How to be compliant on time?
Deloitte keeps you informed of latest news concerning regulations to help you move quickly and take advantage of new opportunities. We have gathered the key regulatory topics in one place to help you find your way and to provide you with an overview of all the regulatory hot topics that impact you.
Regulatory Watch Kaleidoscope
The unprecedented rhythm of regulatory developments, requires financial institutions to relentlessly look for new ways to carry out operations and manage risks. Regulatory Watch is now a key activity, enabling Board of Directors and Executives to anticipate their challenges and opportunities. Our solution allows to have a complete view on your regulatory impacts and anticipate changes for your organization.
AIFMD (Alternative Investment Fund Manager Directive)
The Alternative Investment Fund Managers Directive (AIFMD) is no longer a distant set of requirements subject to ongoing negotiation. The European Commission’s detailed ‘Level 2 Regulation’ has settled the rules for compliance with this new, game-changing regulatory regime.
AML / AMLD4 (Anti-Money Laundering Directive)
Deloitte Luxembourg, AML Center of Excellence of Deloitte for Continental Europe, provides companies covered professionals with a broad range of services to help you navigate the complex, high-stakes environment of forensic & anti-money laundering and counter terrorist financing. Our service offering ranges from staff training up to C-level executives, advisory on AML procedures, assistance for AML section of CSSF application files, AML health check, KYC remediation projects.
Our practice has also developed a service of name screening in partnership with Fircosoft and Dow Jones Factiva named uComply designed to help covered professionals abide by their obligation of ongoing monitoring of their clientele.
Our AML professionals often speaks in conferences in Luxembourg and abroad and are available to steer workshop and identify areas of improvements for AML controls, or help companies solve difficult regulatory issues.
CMU (Capital Market Union)
Capital Markets Union is one of the principal pillars of the current European Commission. It aims to facilitate the creation of a single capital market across the EU and develop the availability of non-bank funding to the broader economy. It contrasts the varying US and EU models where bank financing plays only a minor role in the US but a major one in Europe. CMU will not take the form of a heavy programme of new legislation. It will review recent legislation for coherence and where necessary recommend adjustments. It will look at high quality securitisation, market access for SMEs, the functioning of ELTIFs, EuVeca and EuSEFs, and covered bonds. It will also look at impediments to cross border flows of investment and capital with a view to removing those that may be removed. In a second phase it should look at broader initiatives such as personal pension provision
CRD IV (Capital Requirements Directive)
As from 1 January 2014, the new regulatory framework (CRR/CRD IV) transposing the recommendation of the Basel Committee (Basel III) came into force. This new regulatory environment has been designed to mitigate the excess observed during the financial crisis and address weaknesses in prudential regulation, covering the following aspects:
- Increase the quality and the level of capital to reduce the pro-cyclicality effect;
- Reduce systemic risk and control the revenue distribution to shareholders ;
- Set-up liquidity standards aiming to enhance both short-term and long-term liquidity profile of financial institutions;
- Limit the bank’s capacity to leverage their activities.

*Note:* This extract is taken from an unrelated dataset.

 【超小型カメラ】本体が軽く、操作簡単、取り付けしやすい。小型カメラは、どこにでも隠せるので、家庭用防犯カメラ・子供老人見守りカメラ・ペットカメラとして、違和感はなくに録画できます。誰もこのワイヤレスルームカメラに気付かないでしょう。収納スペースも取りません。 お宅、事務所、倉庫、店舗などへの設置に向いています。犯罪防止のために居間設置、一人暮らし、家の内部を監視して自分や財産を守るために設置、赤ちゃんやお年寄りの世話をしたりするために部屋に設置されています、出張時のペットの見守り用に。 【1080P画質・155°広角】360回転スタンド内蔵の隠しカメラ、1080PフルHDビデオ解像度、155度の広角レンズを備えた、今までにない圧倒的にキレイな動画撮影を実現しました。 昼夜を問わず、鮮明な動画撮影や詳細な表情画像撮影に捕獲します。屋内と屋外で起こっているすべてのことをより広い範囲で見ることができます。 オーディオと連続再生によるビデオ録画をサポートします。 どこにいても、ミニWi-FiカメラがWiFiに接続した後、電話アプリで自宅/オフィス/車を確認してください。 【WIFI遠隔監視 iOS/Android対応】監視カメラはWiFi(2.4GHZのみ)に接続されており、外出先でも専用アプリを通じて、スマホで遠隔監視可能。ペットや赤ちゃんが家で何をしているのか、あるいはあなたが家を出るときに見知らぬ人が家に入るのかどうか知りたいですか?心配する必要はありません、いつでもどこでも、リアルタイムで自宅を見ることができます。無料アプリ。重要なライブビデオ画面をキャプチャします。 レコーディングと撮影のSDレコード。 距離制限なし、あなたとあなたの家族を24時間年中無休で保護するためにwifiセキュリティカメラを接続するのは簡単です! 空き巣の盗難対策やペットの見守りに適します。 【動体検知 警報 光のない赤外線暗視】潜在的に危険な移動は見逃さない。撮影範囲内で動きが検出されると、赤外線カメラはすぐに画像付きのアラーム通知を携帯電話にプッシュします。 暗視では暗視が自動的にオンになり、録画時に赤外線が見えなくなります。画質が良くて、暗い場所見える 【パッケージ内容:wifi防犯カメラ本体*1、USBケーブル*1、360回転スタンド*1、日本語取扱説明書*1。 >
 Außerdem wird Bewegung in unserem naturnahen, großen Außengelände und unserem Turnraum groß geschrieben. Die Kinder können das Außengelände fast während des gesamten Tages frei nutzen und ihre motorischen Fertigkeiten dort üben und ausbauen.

The introduction of the CRD IV introduces additional constraints on financial institutions that leads to a modification of their balance sheet structures, induces a decrease of the financial institution's risk profile and put under pressure their performance.

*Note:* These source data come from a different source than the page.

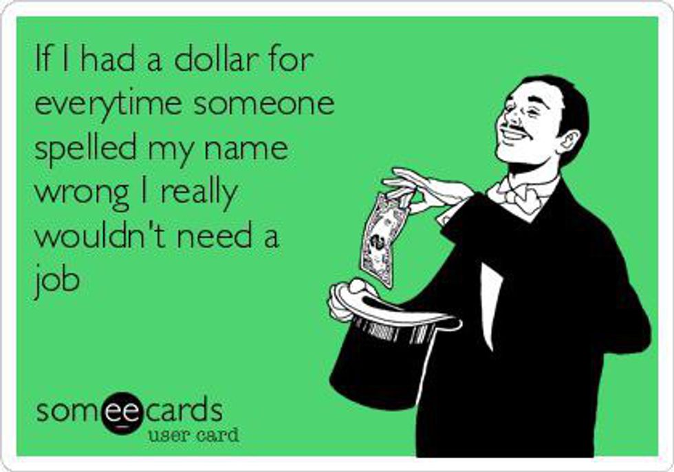 He or she gets to your name on the attendance sheet; pauses for five to ten seconds; darts his or her eyes back and forth quickly, sure that there must be a mistake because that can't be a real name; sits up nice and tall, ready to show off and get every syllable right; then completely butchers your name as if it came straight out of a biology textbook.Your name is always spelled wrong.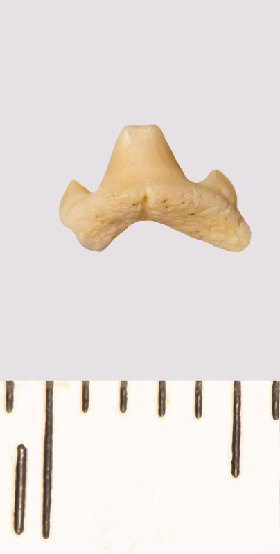 Зуб. Акула. Scapanorhynchus rhaphiodon Agassiz, 1843. Классификация: Хордовые Chordata, Позвоночные Vertebrata, Хрящевые рыбы Chondrichthyes, Пластиножаберные Elasmobranchii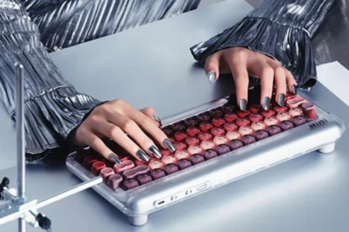 このキーボード、最大の特徴はその名の通り「リップスティック(口紅)」からインスピレーションを得た圧倒的なビジュアル。お気に入りのメイクパレットを開いたときのようなトキメキを味わえる驚きのキーボードです。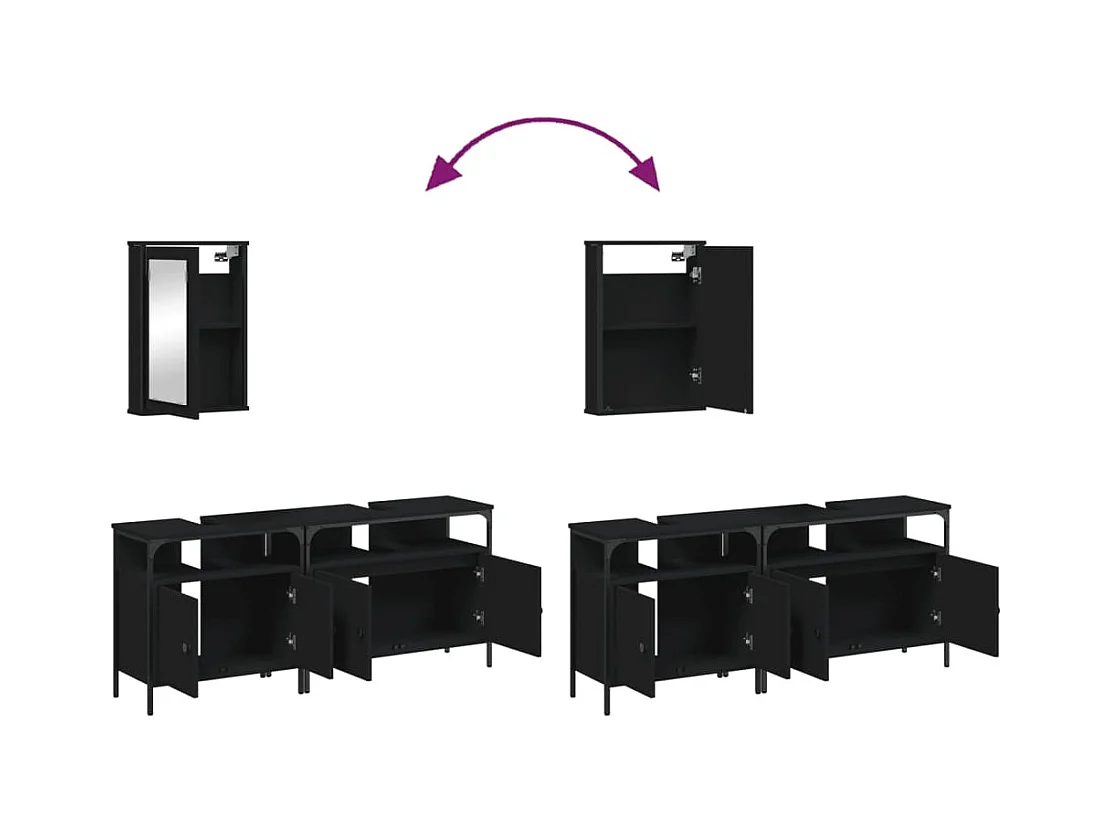 Set di mobili da bagno in legno ingegnerizzato nero da 4 pezzi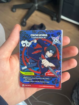 Carta de Itachi Uchiha del juego de cartas coleccionables Naruto Mythos TCG. - Número de carta: 128/130 A. - Personaje: Itachi Uchiha. - Habilidad principal: Reduce el poder de los enemigos. - Habilidad de mejora: Permite mover un personaje amigo.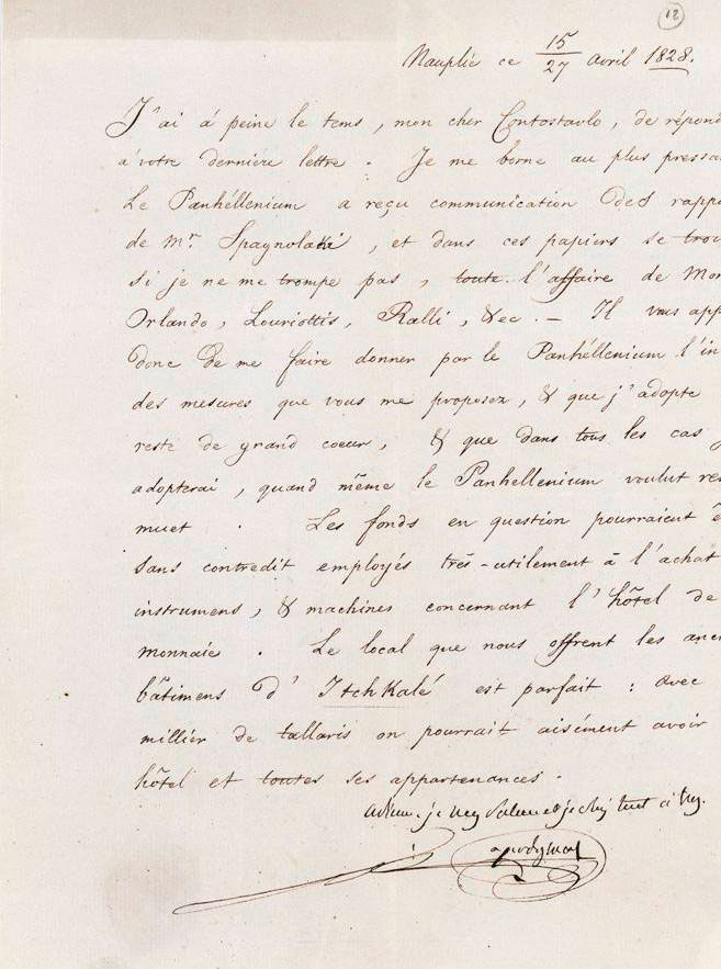 Tριάντα επτά επιστολές του Ιωάννη Καποδίστρια, στις οποίες μπορεί να αναζητηθεί κάποια επικαιρότητα, κυρίως με τα οικονομικά που από τότε ταλάνιζαν την Ελλάδα, θα δημοπρατηθούν από τον οίκο «Π. Βέργος» στις 24 Ιουνίου (ξενοδοχείο Athens Plaza, 7 μ.μ.).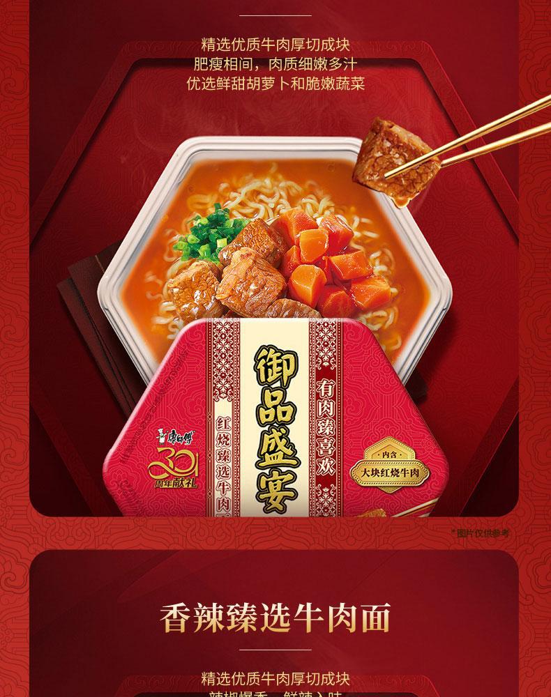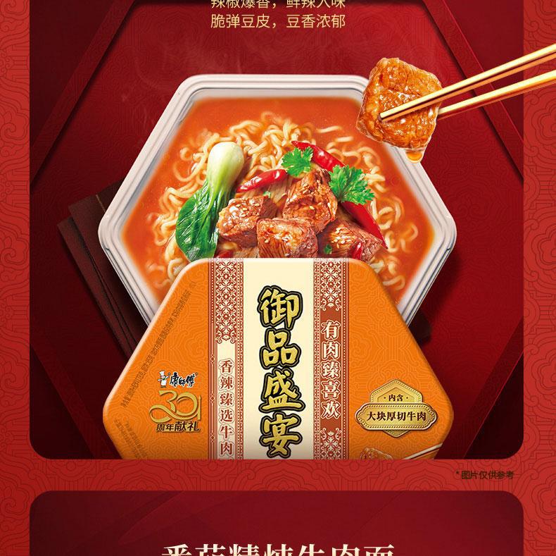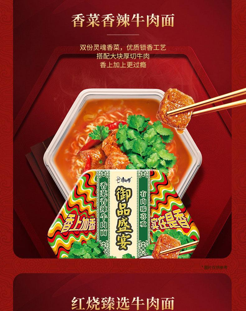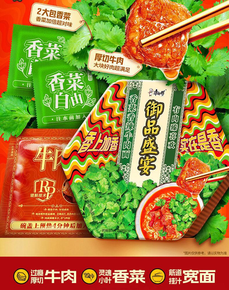 【Lanzamiento de Nuevo Sabor】Fiesta Imperial de Trozos Grandes de Carne Cilantro Fideos de Res Picantes Fideos Instantáneos

CRS (Common Reporting Standard)
The Common Reporting Standard (“CRS”) for the automatic exchange of tax information is a single global standard for a financial institution’s collection of financial account information on account holders who are tax resident in another jurisdiction, to be reported to the financial institution’s local tax authorities, with a view to exchange this information automatically with the partner jurisdictions’ tax authorities on an annual basis. The CRS went live throughout the EU on 1 January 2016, will go live in the relation between the EU and Switzerland as from 1 January 2017, and with many more jurisdictions over the next couple of years.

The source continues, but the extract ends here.